The Mabel Fidler Building is designed to be in scale with the existing school buildings and be seen as a modern insertion into a campus of varied buildings. Site accessibility due to level changes and difficulty of way finding has always been an issue for the school, along with the useability of external areas. The Mabel Fidler Building project is designed to address these issues.
A new main entry to Henry Street will aid site security; currently numerous entries do not allow ease of monitoring school visitors. The new entry courtyard at the heart of the proposal provides an external space for the school community, partially covered while providing maximum usability. Administration and the new Junior and Senior libraries address the courtyard along with the new café that links the courtyard to the oval.

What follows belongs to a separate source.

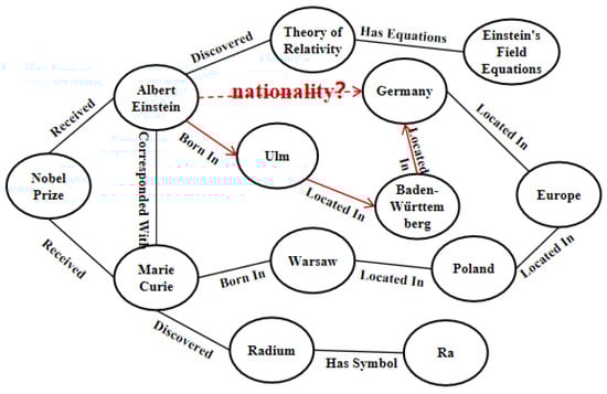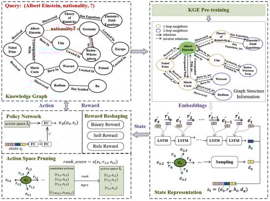 Traditional KGR methods, particularly embedding-based and rule-based methods, have limitations in dealing with noisy or incomplete data and capturing the potential complexity of real-world knowledge. Multi-hop KGR [,,] is an important KGR technique used to discover complex and multi-level relations between entities in a KG to infer hidden information. Numerous reinforcement learning (RL)-based methods for multi-hop reasoning have emerged recently. Reinforcement methods were first employed to learn reasoning paths in KGs in DeepPath [], where path finding is treated as a Markov decision process (MDP) and a sophisticated reward function is employed in which accuracy, efficiency, and path diversity are considered simultaneously. This approach provides enhanced control over the path finding process. DeepPath was followed by series of other techniques such as MINERVA [], AttenPath [], Reasoning Like Human (RLH) [], DAPath [], etc. These techniques offer high efficacy and the valuable characteristic of providing interpretable reasoning paths for KGR. For example, as shown in Figure 1, given a query (Albert Einstein, Nationality, ?), these methods can provide a chain of evidence to draw the conclusion (Albert Einstein, Nationality, Germany), e.g., Albert Einstein  Ulm  Baden-Württemberg  Germany.

The lower levels are designed to provide a solid base to the building, reminiscent of the masonry materials used in the existing campus. The upper levels are designed in steel with a translucent cladding and significant cantilevers which appear to hover over the base, providing weather protection and covered outdoor areas. A large canopy roof floats over the buildings that front the oval, creating a new urban scaled verandah to the major public space of the school and allowing the building to be read from the Pacific Highway across the oval.
The building aims to bring together both passive and active design solutions to sustainability and allow the initiatives to be utilised in the education program for the girls. The building has been designed as a mixed-mode building that is able to operate completely with natural ventilation. Conversely, on extreme weather condition days, the space can be air conditioned. In order to achieve this, the building features a double-skin façade that creates a cavity that in winter is kept closed to retain heat and in summer opens automatically to release heat.
The scheme provides much needed vertical and horizontal connectivity for the school. The proposal unifies both landscape and environmentally sustainable design principals. The facilities allow for best practice and ensure the school’s philosophy of flexibility and an individual approach to teaching and learning.